:: Data extracts ::

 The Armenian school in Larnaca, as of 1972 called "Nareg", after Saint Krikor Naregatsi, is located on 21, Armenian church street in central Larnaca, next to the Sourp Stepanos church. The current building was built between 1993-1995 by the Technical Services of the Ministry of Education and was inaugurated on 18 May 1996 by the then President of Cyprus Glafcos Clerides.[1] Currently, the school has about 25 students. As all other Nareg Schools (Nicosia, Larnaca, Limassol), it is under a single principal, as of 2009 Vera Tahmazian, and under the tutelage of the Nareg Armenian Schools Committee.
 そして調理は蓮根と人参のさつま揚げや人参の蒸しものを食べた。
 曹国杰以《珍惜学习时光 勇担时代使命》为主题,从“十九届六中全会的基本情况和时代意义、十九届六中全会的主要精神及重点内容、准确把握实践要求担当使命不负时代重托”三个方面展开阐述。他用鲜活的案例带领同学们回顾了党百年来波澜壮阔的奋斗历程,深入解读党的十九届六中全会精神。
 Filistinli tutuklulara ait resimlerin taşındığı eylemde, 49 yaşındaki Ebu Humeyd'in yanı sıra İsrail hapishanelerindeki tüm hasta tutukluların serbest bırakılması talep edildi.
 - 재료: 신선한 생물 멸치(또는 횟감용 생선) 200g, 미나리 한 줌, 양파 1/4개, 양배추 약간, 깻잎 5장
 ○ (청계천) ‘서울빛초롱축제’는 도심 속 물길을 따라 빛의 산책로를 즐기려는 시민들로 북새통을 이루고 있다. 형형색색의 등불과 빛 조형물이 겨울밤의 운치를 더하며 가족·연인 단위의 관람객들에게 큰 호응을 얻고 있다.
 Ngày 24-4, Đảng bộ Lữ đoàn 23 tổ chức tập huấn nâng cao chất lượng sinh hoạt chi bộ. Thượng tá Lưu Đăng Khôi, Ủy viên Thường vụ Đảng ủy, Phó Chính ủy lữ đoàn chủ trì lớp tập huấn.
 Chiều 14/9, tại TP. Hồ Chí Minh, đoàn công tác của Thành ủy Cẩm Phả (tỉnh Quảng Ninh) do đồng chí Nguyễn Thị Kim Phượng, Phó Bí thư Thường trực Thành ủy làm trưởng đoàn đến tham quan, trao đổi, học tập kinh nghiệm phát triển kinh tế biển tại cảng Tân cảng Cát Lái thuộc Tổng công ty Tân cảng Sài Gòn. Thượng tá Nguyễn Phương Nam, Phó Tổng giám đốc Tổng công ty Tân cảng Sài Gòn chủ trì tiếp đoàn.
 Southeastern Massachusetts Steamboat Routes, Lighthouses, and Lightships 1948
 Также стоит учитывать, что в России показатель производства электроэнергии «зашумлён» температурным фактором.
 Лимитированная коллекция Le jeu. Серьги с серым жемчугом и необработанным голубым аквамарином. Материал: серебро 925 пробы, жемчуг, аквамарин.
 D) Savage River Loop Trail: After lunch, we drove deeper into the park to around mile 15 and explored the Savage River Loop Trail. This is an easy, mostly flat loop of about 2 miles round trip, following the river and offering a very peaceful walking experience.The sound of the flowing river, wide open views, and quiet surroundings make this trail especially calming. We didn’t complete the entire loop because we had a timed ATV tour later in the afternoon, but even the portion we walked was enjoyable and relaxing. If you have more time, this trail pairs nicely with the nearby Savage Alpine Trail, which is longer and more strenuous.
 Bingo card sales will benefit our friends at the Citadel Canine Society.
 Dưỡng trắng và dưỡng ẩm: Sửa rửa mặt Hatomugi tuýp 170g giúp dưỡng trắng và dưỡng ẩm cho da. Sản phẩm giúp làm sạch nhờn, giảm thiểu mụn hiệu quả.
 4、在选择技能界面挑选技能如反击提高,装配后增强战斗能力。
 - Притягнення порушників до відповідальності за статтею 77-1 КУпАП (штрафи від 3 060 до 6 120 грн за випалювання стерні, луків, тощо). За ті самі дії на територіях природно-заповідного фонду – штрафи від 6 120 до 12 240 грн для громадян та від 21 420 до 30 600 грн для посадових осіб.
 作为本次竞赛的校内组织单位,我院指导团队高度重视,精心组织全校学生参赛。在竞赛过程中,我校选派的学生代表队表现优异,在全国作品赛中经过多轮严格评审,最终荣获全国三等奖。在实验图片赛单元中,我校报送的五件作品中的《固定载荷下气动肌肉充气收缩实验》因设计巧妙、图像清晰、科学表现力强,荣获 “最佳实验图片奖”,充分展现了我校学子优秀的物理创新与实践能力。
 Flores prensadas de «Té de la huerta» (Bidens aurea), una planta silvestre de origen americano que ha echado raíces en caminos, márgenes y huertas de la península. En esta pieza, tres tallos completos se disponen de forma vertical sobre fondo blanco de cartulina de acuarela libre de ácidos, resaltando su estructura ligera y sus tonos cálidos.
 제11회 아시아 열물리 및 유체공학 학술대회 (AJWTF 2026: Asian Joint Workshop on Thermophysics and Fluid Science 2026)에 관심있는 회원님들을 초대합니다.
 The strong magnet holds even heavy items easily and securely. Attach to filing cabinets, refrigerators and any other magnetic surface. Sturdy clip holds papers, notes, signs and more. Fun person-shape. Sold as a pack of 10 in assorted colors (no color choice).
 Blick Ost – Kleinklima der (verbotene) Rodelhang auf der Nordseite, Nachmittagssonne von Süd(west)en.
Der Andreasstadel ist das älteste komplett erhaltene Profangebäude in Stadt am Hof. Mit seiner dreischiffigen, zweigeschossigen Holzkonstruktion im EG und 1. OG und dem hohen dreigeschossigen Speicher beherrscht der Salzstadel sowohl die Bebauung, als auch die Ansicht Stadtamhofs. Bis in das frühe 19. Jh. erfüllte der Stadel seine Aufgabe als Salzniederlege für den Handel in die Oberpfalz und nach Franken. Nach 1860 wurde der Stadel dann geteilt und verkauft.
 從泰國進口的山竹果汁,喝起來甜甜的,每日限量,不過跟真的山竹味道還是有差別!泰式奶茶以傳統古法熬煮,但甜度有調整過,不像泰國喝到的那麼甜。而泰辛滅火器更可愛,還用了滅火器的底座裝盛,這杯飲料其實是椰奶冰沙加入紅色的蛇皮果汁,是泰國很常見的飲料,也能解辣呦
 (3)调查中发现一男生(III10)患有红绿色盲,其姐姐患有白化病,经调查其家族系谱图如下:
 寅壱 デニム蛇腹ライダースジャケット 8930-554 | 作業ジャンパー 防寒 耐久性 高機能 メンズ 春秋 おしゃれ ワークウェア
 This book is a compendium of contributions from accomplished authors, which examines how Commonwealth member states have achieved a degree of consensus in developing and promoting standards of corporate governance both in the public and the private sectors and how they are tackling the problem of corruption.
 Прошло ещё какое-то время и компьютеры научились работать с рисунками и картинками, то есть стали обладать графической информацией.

:::

Check every line above for the string "even" and copy those that have it.

 D) Savage River Loop Trail: After lunch, we drove deeper into the park to around mile 15 and explored the Savage River Loop Trail. This is an easy, mostly flat loop of about 2 miles round trip, following the river and offering a very peaceful walking experience.The sound of the flowing river, wide open views, and quiet surroundings make this trail especially calming. We didn’t complete the entire loop because we had a timed ATV tour later in the afternoon, but even the portion we walked was enjoyable and relaxing. If you have more time, this trail pairs nicely with the nearby Savage Alpine Trail, which is longer and more strenuous.
 The strong magnet holds even heavy items easily and securely. Attach to filing cabinets, refrigerators and any other magnetic surface. Sturdy clip holds papers, notes, signs and more. Fun person-shape. Sold as a pack of 10 in assorted colors (no color choice).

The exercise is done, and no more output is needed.